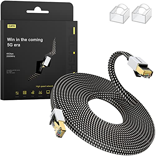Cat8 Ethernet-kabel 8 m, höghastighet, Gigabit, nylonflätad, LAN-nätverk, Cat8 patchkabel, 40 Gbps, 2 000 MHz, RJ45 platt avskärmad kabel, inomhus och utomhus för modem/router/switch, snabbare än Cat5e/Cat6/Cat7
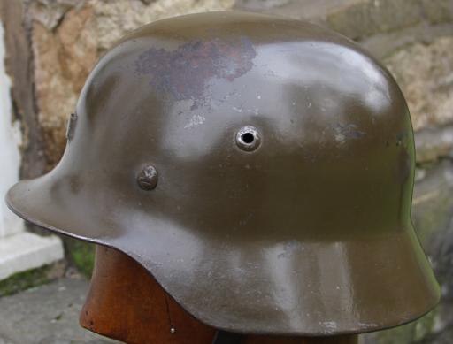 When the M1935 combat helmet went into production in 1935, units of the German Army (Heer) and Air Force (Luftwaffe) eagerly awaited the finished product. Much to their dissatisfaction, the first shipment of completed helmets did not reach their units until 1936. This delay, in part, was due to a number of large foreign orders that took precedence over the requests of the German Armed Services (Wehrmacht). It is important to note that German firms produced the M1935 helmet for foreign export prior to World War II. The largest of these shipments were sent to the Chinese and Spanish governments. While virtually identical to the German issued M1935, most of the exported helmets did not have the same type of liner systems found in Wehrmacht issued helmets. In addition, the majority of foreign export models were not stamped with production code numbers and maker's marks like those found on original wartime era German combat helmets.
────────────────────────────────────────
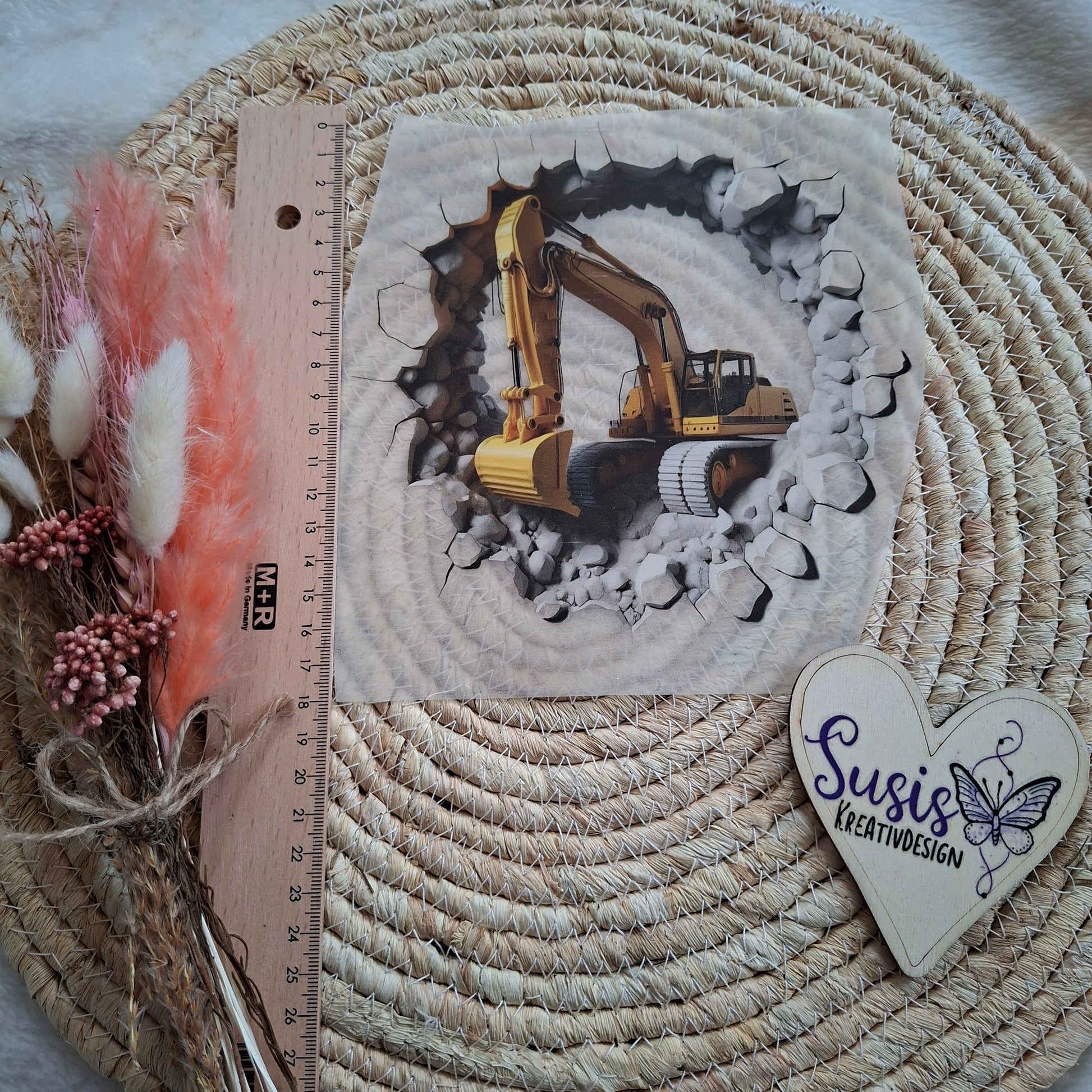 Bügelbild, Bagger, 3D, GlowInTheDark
────────────────────────────────────────
Work required:
Take only the lines above from the one that has "Cat8 Ethernet-kabel 8" through the one that has "When the M1935" and reproduce them exactly, omitting any pictures.

Solution for this task:
Cat8 Ethernet-kabel 8 m, höghastighet, Gigabit, nylonflätad, LAN-nätverk, Cat8 patchkabel, 40 Gbps, 2 000 MHz, RJ45 platt avskärmad kabel, inomhus och utomhus för modem/router/switch, snabbare än Cat5e/Cat6/Cat7
 When the M1935 combat helmet went into production in 1935, units of the German Army (Heer) and Air Force (Luftwaffe) eagerly awaited the finished product. Much to their dissatisfaction, the first shipment of completed helmets did not reach their units until 1936. This delay, in part, was due to a number of large foreign orders that took precedence over the requests of the German Armed Services (Wehrmacht). It is important to note that German firms produced the M1935 helmet for foreign export prior to World War II. The largest of these shipments were sent to the Chinese and Spanish governments. While virtually identical to the German issued M1935, most of the exported helmets did not have the same type of liner systems found in Wehrmacht issued helmets. In addition, the majority of foreign export models were not stamped with production code numbers and maker's marks like those found on original wartime era German combat helmets.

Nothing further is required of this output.